▸ **THE TASK**:
Would you transcribe the records below from the line with "AU CAT Under" to the line with "Στους ειδικά διαμορφωμένους", ends included, exactly and with nothing more, leaving the pictures out?

▸ **PROVIDED INFORMATION**:
*** Begin section ***
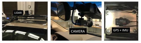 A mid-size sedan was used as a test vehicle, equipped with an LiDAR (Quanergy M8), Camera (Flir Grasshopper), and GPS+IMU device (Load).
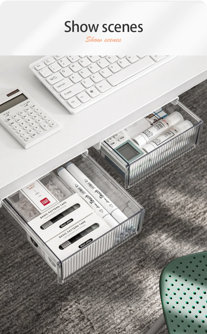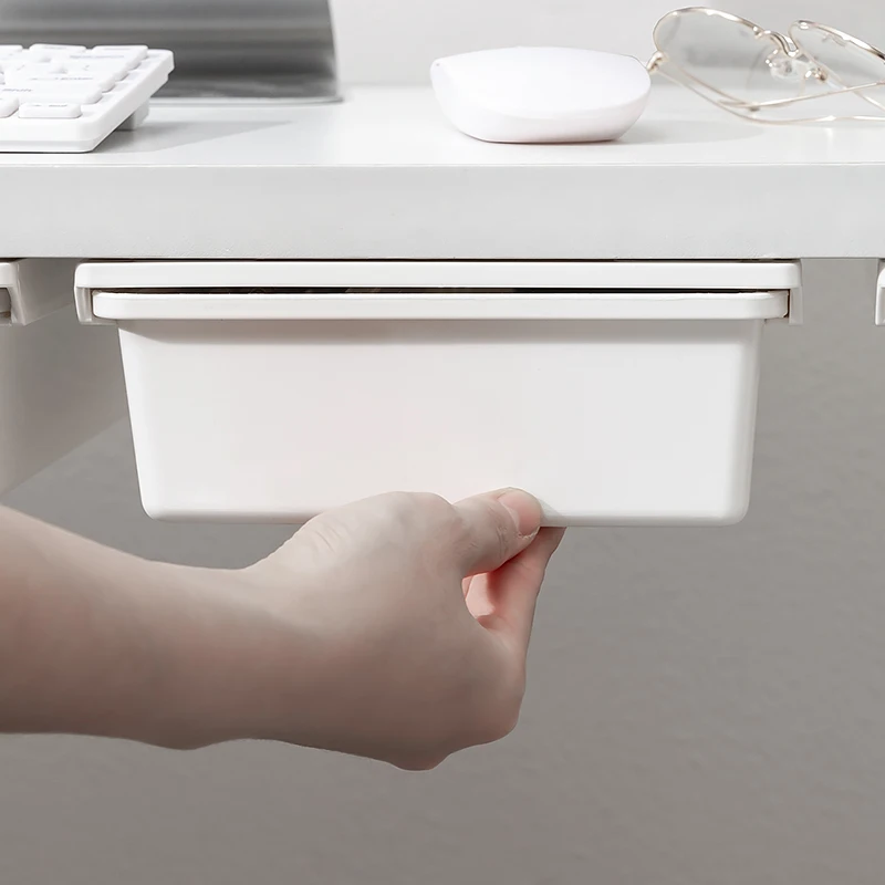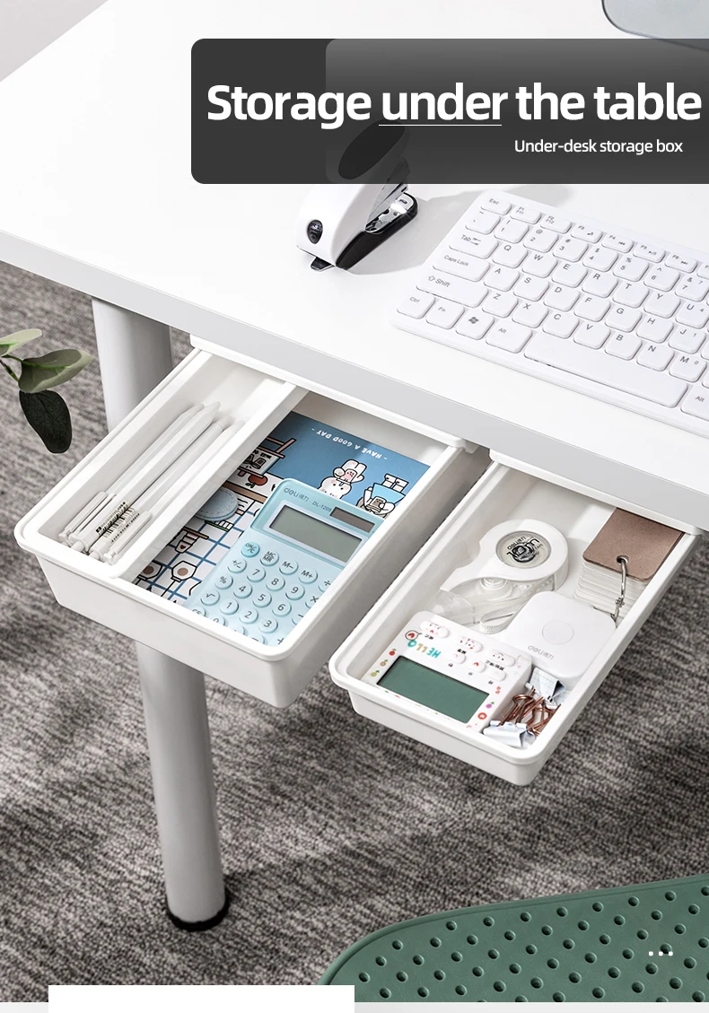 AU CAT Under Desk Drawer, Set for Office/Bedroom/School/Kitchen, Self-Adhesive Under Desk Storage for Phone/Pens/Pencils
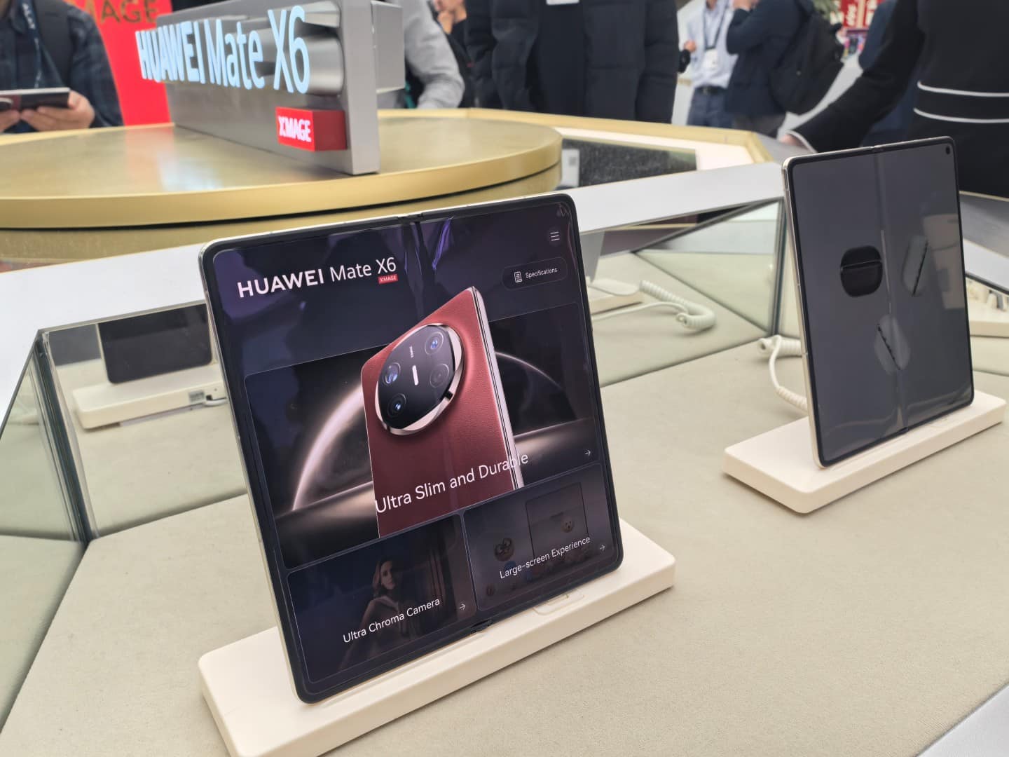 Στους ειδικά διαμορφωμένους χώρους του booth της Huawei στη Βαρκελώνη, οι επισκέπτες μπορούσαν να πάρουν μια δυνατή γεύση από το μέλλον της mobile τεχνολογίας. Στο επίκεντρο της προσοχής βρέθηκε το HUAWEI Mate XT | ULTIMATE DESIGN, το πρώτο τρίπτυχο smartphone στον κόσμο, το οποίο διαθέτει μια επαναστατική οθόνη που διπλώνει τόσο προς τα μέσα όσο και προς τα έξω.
*** End section ***
*** Begin section ***
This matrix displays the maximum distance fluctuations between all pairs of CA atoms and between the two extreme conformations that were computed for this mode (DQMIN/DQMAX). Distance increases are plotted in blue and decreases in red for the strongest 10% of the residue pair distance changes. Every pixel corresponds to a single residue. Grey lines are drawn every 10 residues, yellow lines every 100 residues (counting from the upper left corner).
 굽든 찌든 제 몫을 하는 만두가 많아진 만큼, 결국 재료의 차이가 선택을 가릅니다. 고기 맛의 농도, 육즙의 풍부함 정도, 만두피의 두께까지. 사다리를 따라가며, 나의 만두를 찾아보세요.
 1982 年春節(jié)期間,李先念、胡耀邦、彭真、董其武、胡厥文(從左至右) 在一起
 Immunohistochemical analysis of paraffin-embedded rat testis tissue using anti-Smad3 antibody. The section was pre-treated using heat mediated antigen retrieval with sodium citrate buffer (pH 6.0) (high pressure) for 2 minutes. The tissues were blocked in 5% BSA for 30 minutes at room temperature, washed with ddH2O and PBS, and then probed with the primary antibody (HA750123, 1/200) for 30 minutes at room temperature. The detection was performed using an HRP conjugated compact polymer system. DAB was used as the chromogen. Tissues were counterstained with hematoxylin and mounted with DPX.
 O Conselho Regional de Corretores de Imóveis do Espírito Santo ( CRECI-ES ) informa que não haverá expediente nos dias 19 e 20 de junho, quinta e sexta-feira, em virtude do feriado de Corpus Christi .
*** End section ***
▸ **TASK RESULT**:
 AU CAT Under Desk Drawer, Set for Office/Bedroom/School/Kitchen, Self-Adhesive Under Desk Storage for Phone/Pens/Pencils
 Στους ειδικά διαμορφωμένους χώρους του booth της Huawei στη Βαρκελώνη, οι επισκέπτες μπορούσαν να πάρουν μια δυνατή γεύση από το μέλλον της mobile τεχνολογίας. Στο επίκεντρο της προσοχής βρέθηκε το HUAWEI Mate XT | ULTIMATE DESIGN, το πρώτο τρίπτυχο smartphone στον κόσμο, το οποίο διαθέτει μια επαναστατική οθόνη που διπλώνει τόσο προς τα μέσα όσο και προς τα έξω.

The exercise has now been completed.